Great find TPA, that is almost as inexpensive as the wimpy sawmill. Just about what a Stihl 660 and an Alaskan Mark III cost.


----------



## Sawyer Rob (Jan 26, 2013)

gemniii said:


> Isn't it the Norwood that comes as a parts kit for $4,000?



Kind of, but the difference is, the Norwood doesn't have to be tore apart several times and have the parts fixed/remade/replaced to get it, or keep it going. lol

SR


----------



## hunterbuild (Jan 27, 2013)

For $100 dollar fix, it still getting the job done. It was what I could afford at the time, and is all the saw I needed. Beats no saw at all that's for sure.


----------



## Sawyer Rob (Jan 27, 2013)

hunterbuild said:


> For $100 dollar fix, it still getting the job done. It was what I could afford at the time, and is all the saw I needed. Beats no saw at all that's for sure.



Then it was a good saw for you!

I'm NOT putting anyone down in this thread, and i don't want anyone to think i am!

SR


----------



## 04titanse (Feb 2, 2013)

Well the price went up $100 bucks. 1799 and I had a 20% off so down to 1450 and then add shipping 90 and tax 90. So for 1650 I have a sawmill being shipped to my house. We will see, I figure right off the bat I will replace the common issues before it breaks.
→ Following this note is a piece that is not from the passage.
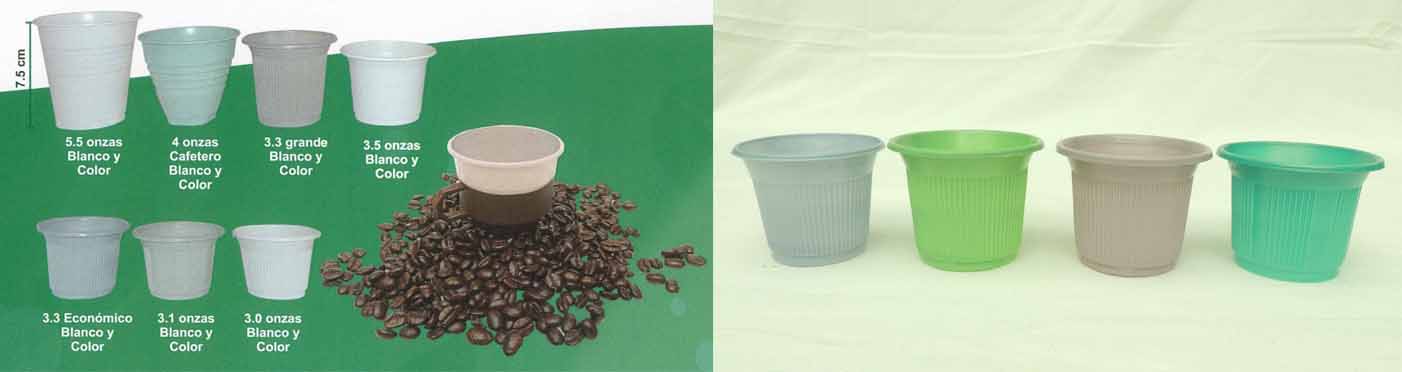 Se tiene una linea de vasos cafeteros en referencias desde 3.0 hasta 5.5 onzas en blanco y color.

I also have a 7hp briggs motor if the motor on it is junk. 

I'll post some picture of it in action once it arrives and is all put together.


----------



## rrsaw (Feb 2, 2013)

*Harbor Freight Mill*

Is it on back order?


----------



## dustytools (Feb 2, 2013)

04titanse said:


> Well the price went up $100 bucks. 1799 and I had a 20% off so down to 1450 and then add shipping 90 and tax 90. So for 1650 I have a sawmill being shipped to my house. We will see, I figure right off the bat I will replace the common issues before it breaks. I also have a 7hp briggs motor if the motor on it is junk.
> 
> I'll post some picture of it in action once it arrives and is all put together.



Congratulations, looking forward to your pictures.


----------



## rmount (Feb 2, 2013)

04titanse said:


> Well the price went up $100 bucks. 1799 and I had a 20% off so down to 1450 and then add shipping 90 and tax 90. So for 1650 I have a sawmill being shipped to my house. We will see, I figure right off the bat I will replace the common issues before it breaks. I also have a 7hp briggs motor if the motor on it is junk.
> 
> I'll post some picture of it in action once it arrives and is all put together.
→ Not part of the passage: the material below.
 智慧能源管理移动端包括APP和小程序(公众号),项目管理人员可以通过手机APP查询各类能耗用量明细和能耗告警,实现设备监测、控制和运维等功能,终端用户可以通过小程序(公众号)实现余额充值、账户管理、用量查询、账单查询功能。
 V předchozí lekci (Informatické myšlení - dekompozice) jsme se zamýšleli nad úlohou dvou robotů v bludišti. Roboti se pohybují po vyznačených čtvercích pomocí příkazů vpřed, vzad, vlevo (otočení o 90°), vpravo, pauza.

Enjoy!!! New toys are always fun


----------



## hamish (Feb 2, 2013)

If I didn't live in Canada, for that price and, a bit of my know how I would order one.

Sure a few simple fixes may be in order, for a few but overall how many complaints have we heard about these mills, very few.
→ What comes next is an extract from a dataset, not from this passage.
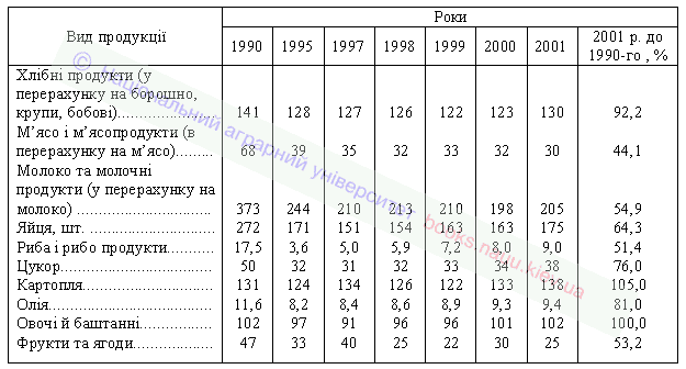 Україна була одним із найсприятливіших і найбільш розвинутих аграрних регіонів колишнього Радянського Союзу. На її частину припадало понад 7% сільськогосподарських угідь, а виробляла вона близько 24% зерна, 54 цукрового буряка, майже 34 льону і до 50% насіння соняшнику. Питома вага тваринницької продукції в загальному виробництві колишнього СРСР становила 22 24%. З розрахунку на душу населення тут вироблялося в окремі роки майже по тонні зерна, 300 320 кг картоплі, 450 470 кг молокопродуктів, 80 84 кг м’яса та 300 320 шт. яєць. Характерною особливістю сучасного етапу розвитку АПК є негативна тенденція скорочення виробництва основних видів продукції сільського господарства, в тому числі й рослинницького походження, що не може не вплинути на рівень їх споживання населенням країни (табл. 1.12.). Як видно з наведених у таблиці даних, порівняно з 1990 роком споживання хліба і хлібопродуктів зменшилося у 2001 році на 7,8 %; м’яса й м’ясопродуктів – 55,9; молокопродуктів – 45,1; яєць – 35,7; рибопродуктів – 48,6; цукру – 24; олії – 19; фруктів та ягід - на 46,8 %. Лише споживання картоплі зросло в незначній кількості (на 5 %).

When I got my Norwood, I didn't like some things so I modified/changed it to suit myself. Seeing and feeling the Woodlands version in person, and reading about a few issues here on AS of the HF one, yep a call to master-car and $70 later good to go.

Not everybody needs an LT70 to achieve there goals, take a look at some of the smaller mills Hudson makes, and take a look the the Woodlands version....lots of people are beating the heck out of those mills daily.


----------



## Hddnis (Feb 2, 2013)

Anybody know what size the band wheels on this sawmill are? I looked online and can't seem to find where it says how big they are.



Mr. HE


----------



## rrsaw (Feb 2, 2013)

*Harbor Freight Mill*



Hddnis said:


> Anybody know what size the band wheels on this sawmill are? I looked online and can't seem to find where it says how big they are.
> 
> 
> 
> Mr. HE



19" sam as the woodland mill


----------



## TPA (Feb 2, 2013)

04titanse said:


> Well the price went up $100 bucks. 1799 and I had a 20% off so down to 1450 and then add shipping 90 and tax 90. So for 1650 I have a sawmill being shipped to my house. We will see, I figure right off the bat I will replace the common issues before it breaks. I also have a 7hp briggs motor if the motor on it is junk.
> 
> I'll post some picture of it in action once it arrives and is all put together.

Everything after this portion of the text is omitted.